So you want to shoot motorsports photography (or really anything where you're shooting something relatively far away), but don't have the spare kidney to sell for a 70-200 f/2.8 right? That's where the Tamron 70-300 comes in to save your sad, empty wallet. But How does the budget lens do when it comes to the fast paced action of motorsports?

To test this lens out I took it to the Petit Le Mans at Road Atlanta. Thankfully I can say that the sharpness and image quality is still more than enough to create amazing looking photos. This lens was absolutely phenomenal paired with my A7III, and definitely defied my expectations of the quality I thought I would be pulling out of it.

This 70-300 also happens to be the worlds lightest and most compact telephoto zoom lens on the market for full frame mirrorless cameras! This made my 10 hour day of shooting so much easier not having to lug around a massive brick of a lens everywhere. The smaller form factor makes this lens the perfect option for travel and anywhere else you'd want a more compact but efficient kit.
So what are you giving up when buying this $500 lens? The first big downside you'll notice is the f/4.5-6.3 variable aperture. If you want that super creamy bokeh and extremely shallow depth of field, you won't get that here. But, due to the high speed nature of something like motorsport we can still create even better subject/background separation by actually slowing the shutter speed way down. 

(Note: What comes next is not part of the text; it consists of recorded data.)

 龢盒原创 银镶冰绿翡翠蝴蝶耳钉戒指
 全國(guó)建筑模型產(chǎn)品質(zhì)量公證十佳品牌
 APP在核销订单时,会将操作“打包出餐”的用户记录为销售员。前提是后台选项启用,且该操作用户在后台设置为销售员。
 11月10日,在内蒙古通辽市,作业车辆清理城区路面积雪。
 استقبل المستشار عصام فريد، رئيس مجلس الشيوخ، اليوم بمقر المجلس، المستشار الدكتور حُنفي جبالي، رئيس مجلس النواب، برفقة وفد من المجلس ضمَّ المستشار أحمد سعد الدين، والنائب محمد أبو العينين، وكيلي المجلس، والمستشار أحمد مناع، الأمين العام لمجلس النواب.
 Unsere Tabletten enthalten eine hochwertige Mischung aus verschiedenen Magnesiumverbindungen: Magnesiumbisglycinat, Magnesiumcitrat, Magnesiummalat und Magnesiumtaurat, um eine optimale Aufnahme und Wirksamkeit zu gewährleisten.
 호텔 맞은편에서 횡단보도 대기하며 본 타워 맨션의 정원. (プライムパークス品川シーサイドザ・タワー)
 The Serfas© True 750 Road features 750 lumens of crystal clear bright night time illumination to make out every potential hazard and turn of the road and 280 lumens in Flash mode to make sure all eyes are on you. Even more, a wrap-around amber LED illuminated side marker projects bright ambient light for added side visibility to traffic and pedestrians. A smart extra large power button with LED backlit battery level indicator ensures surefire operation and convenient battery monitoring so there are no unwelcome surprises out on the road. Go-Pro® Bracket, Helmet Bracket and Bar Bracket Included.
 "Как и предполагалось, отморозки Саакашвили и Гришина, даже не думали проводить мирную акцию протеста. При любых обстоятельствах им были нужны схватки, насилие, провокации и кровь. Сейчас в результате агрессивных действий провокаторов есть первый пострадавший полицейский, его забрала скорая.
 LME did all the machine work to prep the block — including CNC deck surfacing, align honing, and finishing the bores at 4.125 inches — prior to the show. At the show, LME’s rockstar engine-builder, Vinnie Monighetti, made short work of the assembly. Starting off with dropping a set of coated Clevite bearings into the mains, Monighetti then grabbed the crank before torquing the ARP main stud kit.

For example in that image at the top of this page, I used 1/80 of a second to create the motion blur I wanted, and I just tracked the image as steadily and as closely as I could to make the car look perfectly still. this can be a tricky technique to figure out at first, but once you do you will get some amazing looking shots from it.

Due to that limited aperture, it's low-light performance is also reduced quite a bit. It's particularly noticeable at the 300mm end of the zoom range with it's f/6.3 aperture. Even with this little handicap in low-light condition, the A7iii was able to comfortably pump up the ISO enough to get this shot below without too much distracting grain.

I will mention that both of these issues can become a little less intrusive now thanks to Adobe's new AI features in Lightroom. The lens blur effect works amazingly for emulating a more shallow depth of field, and even let's you customize how you want the bokeh effect to look! And with the de-noise feature, I'm now much more confident that higher ISO ranges will still produce perfectly usable images.

So how about for video? I did shoot just some test clips to see how it did. The autofocus works perfectly, I never had any issues with it whatsoever. The lack of image stabilization was however a biiiit distracting. I was shooting handheld and at the longer zoom ranges there definitely is some camera shake, however with Sony's in-body stabilization it does help a bit with that.

The only other real issue that I noticed wasn't even an issue while taking photos. While I was walking around holding my camera at my side, the lens creep is absolutely awful. I do wish it had a lens lock on it to prevent it from sliding around when walking or if you use one of those peak design capture clips.

Overall my experience with this lens was very positive! I mean yeah it may not have all the bells and whistles that a Sony 70-200 GM II might have, but I was also able to find good used examples of the Tamron for 7 times less than the cost of the Sony. If you are someone looking to just get into sports or travel photography and don't have a trust fund to go lens shopping with, then I do think the Tamron 70-300 will be the first lens to look into.